Goal of the exercise:
Every line of the records below from the line with "Ofis müdür yardımcısı" up to and including the line with "En la Plaza" must be reproduced exactly, and no line outside that range.

[Opening Material provided section]

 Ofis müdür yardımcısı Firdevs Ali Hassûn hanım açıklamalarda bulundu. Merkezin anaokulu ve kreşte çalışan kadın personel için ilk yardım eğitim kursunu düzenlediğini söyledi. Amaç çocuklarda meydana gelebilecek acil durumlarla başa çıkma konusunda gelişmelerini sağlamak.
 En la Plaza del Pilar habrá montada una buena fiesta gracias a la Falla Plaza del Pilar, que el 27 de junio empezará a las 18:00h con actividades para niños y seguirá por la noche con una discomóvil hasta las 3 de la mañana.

[Closing Material provided section]
[Opening Material provided section]

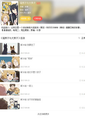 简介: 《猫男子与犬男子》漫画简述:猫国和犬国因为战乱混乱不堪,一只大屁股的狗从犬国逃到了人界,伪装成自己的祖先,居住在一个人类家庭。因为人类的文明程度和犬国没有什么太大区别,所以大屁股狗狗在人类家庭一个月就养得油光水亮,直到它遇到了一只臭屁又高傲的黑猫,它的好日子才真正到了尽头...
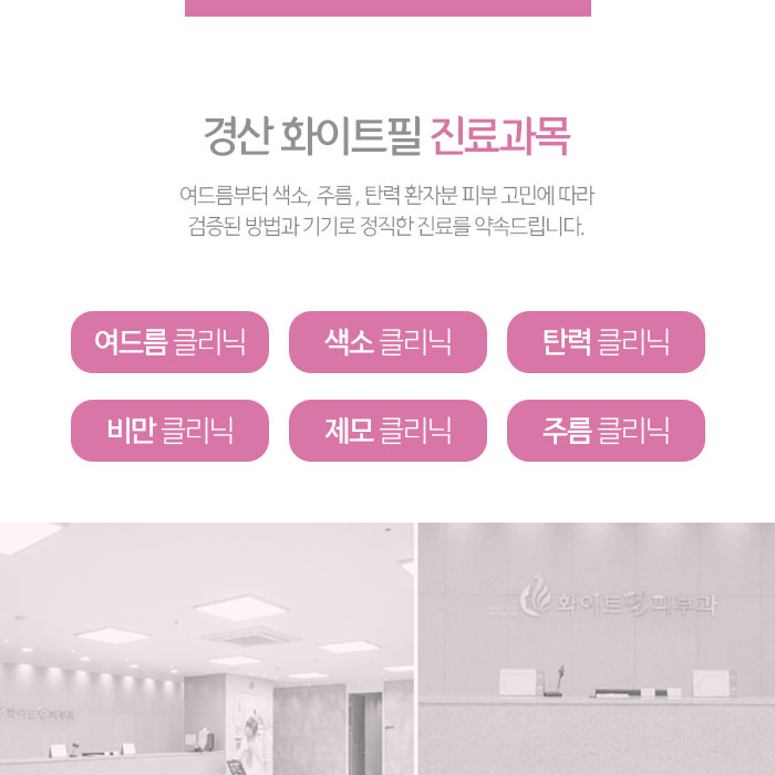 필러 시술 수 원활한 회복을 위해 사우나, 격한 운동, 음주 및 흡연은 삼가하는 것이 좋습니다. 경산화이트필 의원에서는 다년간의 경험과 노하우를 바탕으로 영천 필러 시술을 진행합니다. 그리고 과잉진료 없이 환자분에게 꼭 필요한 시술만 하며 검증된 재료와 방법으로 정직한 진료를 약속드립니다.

[Closing Material provided section]

Response box:
 Ofis müdür yardımcısı Firdevs Ali Hassûn hanım açıklamalarda bulundu. Merkezin anaokulu ve kreşte çalışan kadın personel için ilk yardım eğitim kursunu düzenlediğini söyledi. Amaç çocuklarda meydana gelebilecek acil durumlarla başa çıkma konusunda gelişmelerini sağlamak.
 En la Plaza del Pilar habrá montada una buena fiesta gracias a la Falla Plaza del Pilar, que el 27 de junio empezará a las 18:00h con actividades para niños y seguirá por la noche con una discomóvil hasta las 3 de la mañana.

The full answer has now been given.